| name | agent-evaluation-direct |
| description | Evaluate VibeTeam agents by running tasks directly via scripts/run_agent.py and comparing responses |
| license | MIT |
| compatibility | opencode |
| metadata | {"audience":"developers","workflow":"evaluation"} |
Agent Evaluation (Direct) Skill
Evaluate agents by running tasks directly and comparing responses.
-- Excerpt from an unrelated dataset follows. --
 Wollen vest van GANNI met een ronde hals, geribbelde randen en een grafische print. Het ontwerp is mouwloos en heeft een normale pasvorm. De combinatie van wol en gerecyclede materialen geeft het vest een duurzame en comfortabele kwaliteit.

OpenCode submits tasks to each agent using scripts/run_agent.py, then evaluates results with agents/benchmark.py.
Workflow
- Define task - OpenCode determines the evaluation task
- Run agents - Execute
scripts/run_agent.py for each framework
- Collect responses - Capture output from each agent
- Evaluate - Use
ComparativeEvaluator to score responses
- Report - Present results in table format
CLI Commands
Run single agent:
python scripts/run_agent.py autogen "List 3 GitHub issues"
python scripts/run_agent.py crewai "List 3 GitHub issues"
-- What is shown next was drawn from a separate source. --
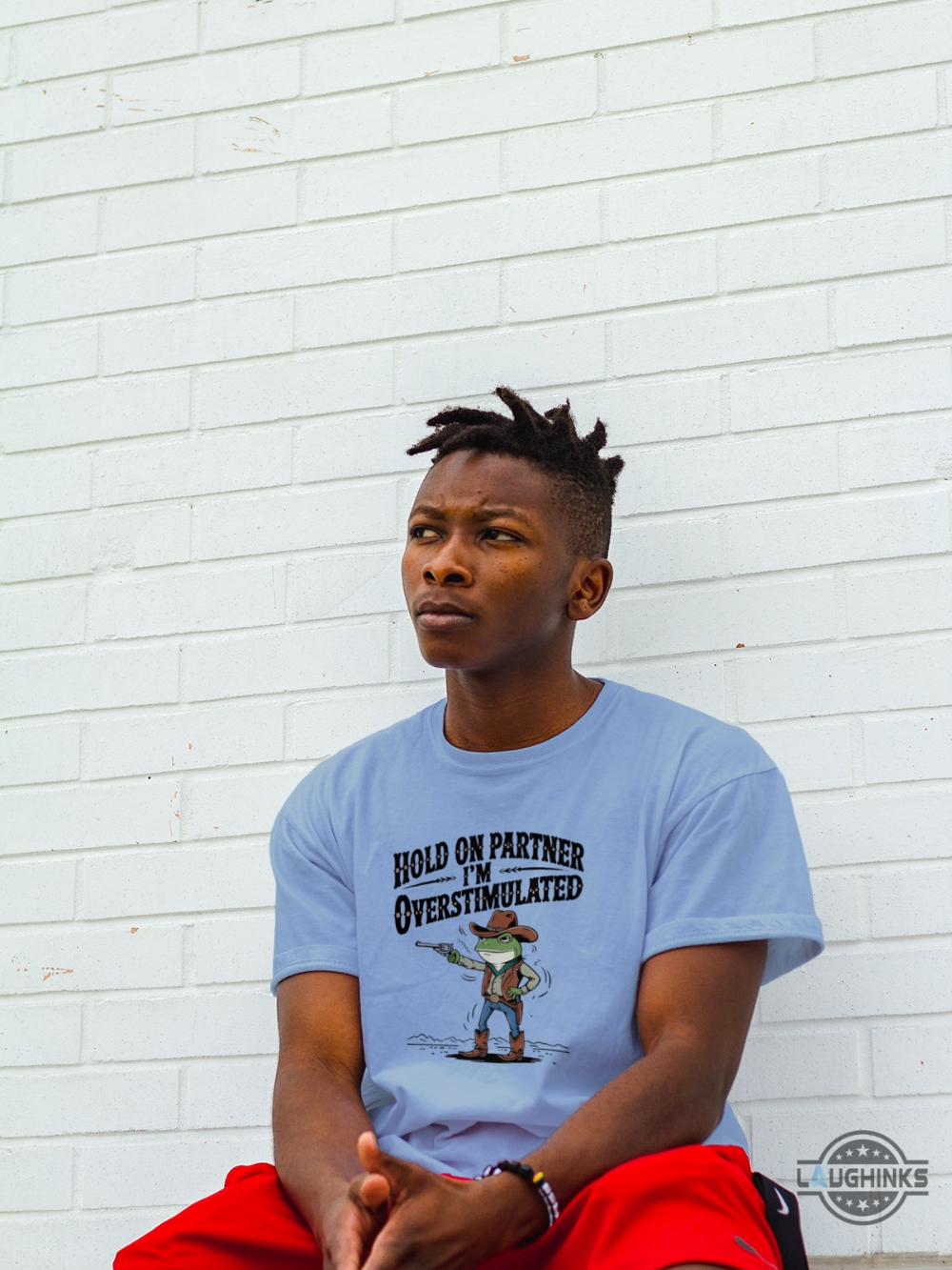 Funny Cowboy Frog Meme Hold On Partner Im Overstimulated Shirt

python scripts/run_agent.py openhands "List 3 GitHub issues"
Run all agents:
python scripts/run_agent.py all "List 3 GitHub issues"
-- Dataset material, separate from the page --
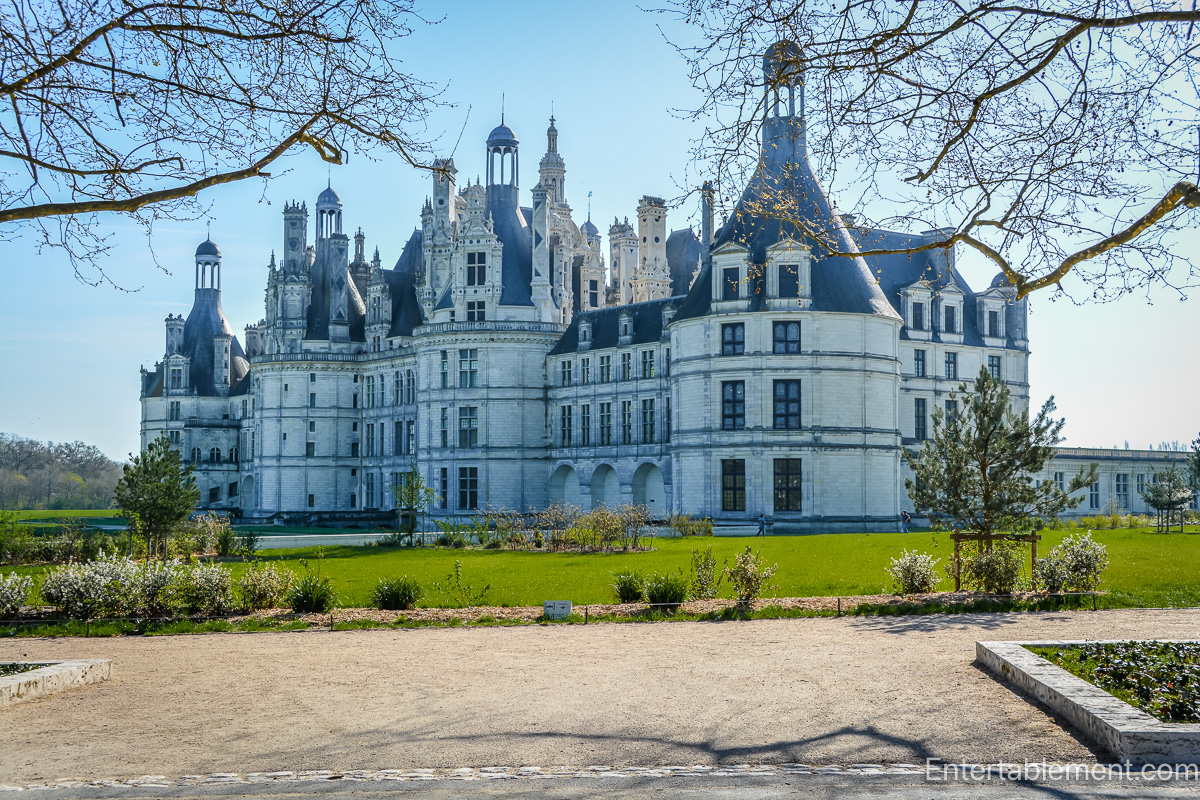 It isn’t easy to photograph. To get the same profile as the plate, you must go across the river, not on the cards, on the day we arrived. So, you’re getting a side shot. Full blog over here at Entertablement Abroad: Château de Chambord

JSON output (for parsing):
python scripts/run_agent.py autogen "List 3 GitHub issues" --json
Options:
--role - Agent role: software_engineer, support_engineer, release_engineer
--json - Output as JSON
--timeout - Timeout in seconds (default: 180)
Required Output Format
Agent Responses
For each agent run, capture:
| Field | Description |
|---|
| Framework | autogen, crewai, openhands |
| Task | The input task |
| Response | Agent's output |
| Latency | Time in ms |
| Success | true/false |
Evaluation Results
| Framework | Input | Output | Score | Feedback | Recommendations |
|---|
| AutoGen | {task} | {truncated}... | 4/5 | {feedback} | {improvements} |
| CrewAI | {task} | {truncated}... | 3/5 | {feedback} | {improvements} |
| OpenHands | {task} | {truncated}... | 5/5 | {feedback} | {improvements} |
Summary
| Metric | Value |
|---|
| Winner | {framework} |
| Reasoning | {why} |
| Judge Model | {model} |
| Eval Time | {ms} |
Evaluation Steps
Step 1: Run Each Agent
python scripts/run_agent.py autogen "YOUR_TASK" --json > /tmp/autogen.json
python scripts/run_agent.py crewai "YOUR_TASK" --json > /tmp/crewai.json
python scripts/run_agent.py openhands "YOUR_TASK" --json > /tmp/openhands.json
Or run all at once:
python scripts/run_agent.py all "YOUR_TASK" --json
Step 2: Evaluate Responses
Use ComparativeEvaluator from agents/benchmark.py:
- Extract
response field from each agent's output
- Call
evaluator.evaluate(task, responses)
- Format results into table
Scoring Scale
| Score | Meaning |
|---|
| 0 | Failed/error |
| 1 | Mostly wrong |
| 2 | Partial |
| 3 | Acceptable |
| 4 | Good |
| 5 | Excellent |
Example Tasks
| Task | Role |
|---|
| List 3 recent GitHub issues | software_engineer |
| Summarize Sentry errors this week | support_engineer |
| Generate release notes for v1.2.0 | release_engineer |
| Triage open PRs | software_engineer |
| Check CI status | release_engineer |
Key Files
| File | Purpose |
|---|
scripts/run_agent.py | CLI to run agents with tasks |
agents/benchmark.py | ComparativeEvaluator for scoring |
agents/autogen/*.py | AutoGen agents |
agents/crewai/*.py | CrewAI agents |
agents/openhands/*.py | OpenHands agents |